I understand from elsewhere on their site that they are not using a recent version of ES (2.x?). This has a big impact on how things behave as they improved performance and garbage collect behavior by e.g. doing more things off heap with memory mapped files, fixing tons of issues with clustering, refactoring the on disk storage in Lucene 5 and 6, and giving users more control over sharding and indicex creation. So, it's likely that this setup is working around issues that probably have been addressed in later versions.
For example, 6.x has a shard allocation API that allows you control which nodes host which shards. That sounds like that would be useful in this setup.
They also seem to be mixing query and indexing traffic on the same nodes. I would suggest separating these in a cluster this big and using specialized nodes for query and index nodes (as well as dedicated master nodes). That way write node performance would be a lot more predictable and query traffic is no longer able to disrupt writes. Also you can use instances with more CPU/memory for querying or use elastic scaling groups to add querying capacity when needed. You might even get away with using cheaper T instances for this with cpu credits.
Hi. We are actually using an even older version, 1.7.6 for our cluster. This is off not an ideal set-up and we will upgrade as soon as we can. That is not an easy task in a cluster of this size and given our uptime requirements. We know that general search and indexing performance, shard allocation and general cluster state management has all improved a lot in later versions of elasticsearch but we still anticipate that we will need shardonnay running even after we upgrade.
The shard allocation api would also be a very helpful addition to this solution. Currently we can sometimes get into situations where elasticsearch actively works against shardonnay and does very 'stupid' moves out of our control that later needs to be 'fixed' by shardonnay in later iterations. We have tried to disable elasticsearchs own allocation algorithm as much as we can but we still want it active as well as a safety net in case something unexpected happens with the hardware for example.
We do have dedicated master nodes. We also will have query and indexing client nodes that coordinates and merges search responses and handles routing etc. But behind that we utilize all data nodes for both query and indexing load. That has worked well so far due to the fact that indexing load is fairly constant. And we scale query load on recent indexes by having a large number of replicas for those.
Our largest problems have always been the vast difference in query complexity that we get. But we are slowly getting on top of that problem now as well. Some details on how that is done can be found in the following blog post
I fully sympathize, I also still have a 1.7.x cluster that I have wanted to get rid off for years now. Several rounds of compatibility breaking changes have made this hard for us. Impressive that you can make this work at this scale.

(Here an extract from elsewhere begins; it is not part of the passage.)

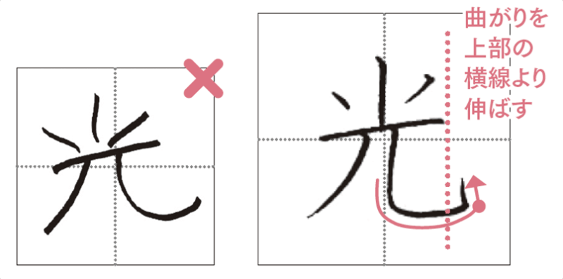 「光」の最後の一画が「曲がり」です。
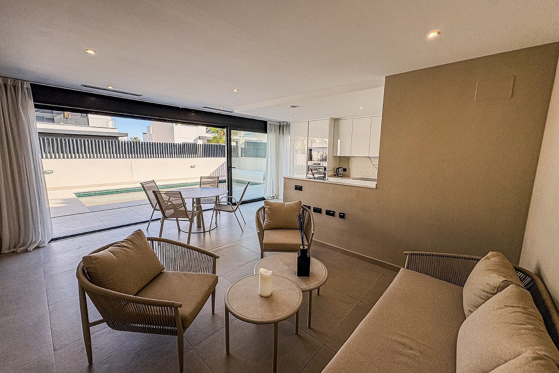 Begane grond: Een comfortabele slaapkamer, een luxe badkamer en een apart gastentoilet. Een lichte, open woon- en eetkamer met uitzicht op de tuin en het zwembad. Tevens een aparte wasruimte met extra opbergruimte.

The thing is, at the scale you are running that probably means that you are running at a much higher cost than technically needed with a recent 6.x setup. You should be seeing magnitudes improvement in memory usage probably.
Recent versions of ES are much better at preventing complex queries from taking down nodes. They've done a lot of good work with circuit breakers preventing queries from getting out of hand. They are also a lot smarter at e.g. doing caching for filtered queries.
My guess is you should not need Shardonnay on a recent setup. Most of what it does should be supported natively these days. ES has been working with many companies on setups comparable to yours and they've learned a lot in the last few years how to do this properly.
Another feature that could be of interest to you is cross cluster search introduced in 6.x (replacing the tribe functionality they had in v2 and v5). This would allow you to isolate old data to a separate cluster optimized for reads. Probably whenever you hit those old indices, your query complexity goes through the roof because it needs to open more shards.
We at Meltwater have some custom plugins for Elasticsearch that make a number of modifications to how queries are executed, and completely replace some low level Elasticsearch query implementations. We're also running a custom ES 1.7 version with some features backported from version 2+. The end result is something like 5-10x lower GC pressure and radically increased performance and query throughput for our particular workload. Without these changes we'd not be able to sustain our workload without a massive amount of more hardware and cost, just like you say.
Our flavor of Elasticsearch 1.7 is faster than vanilla 2.* for our workload, though still slower than ES 2.* with our customizations applied.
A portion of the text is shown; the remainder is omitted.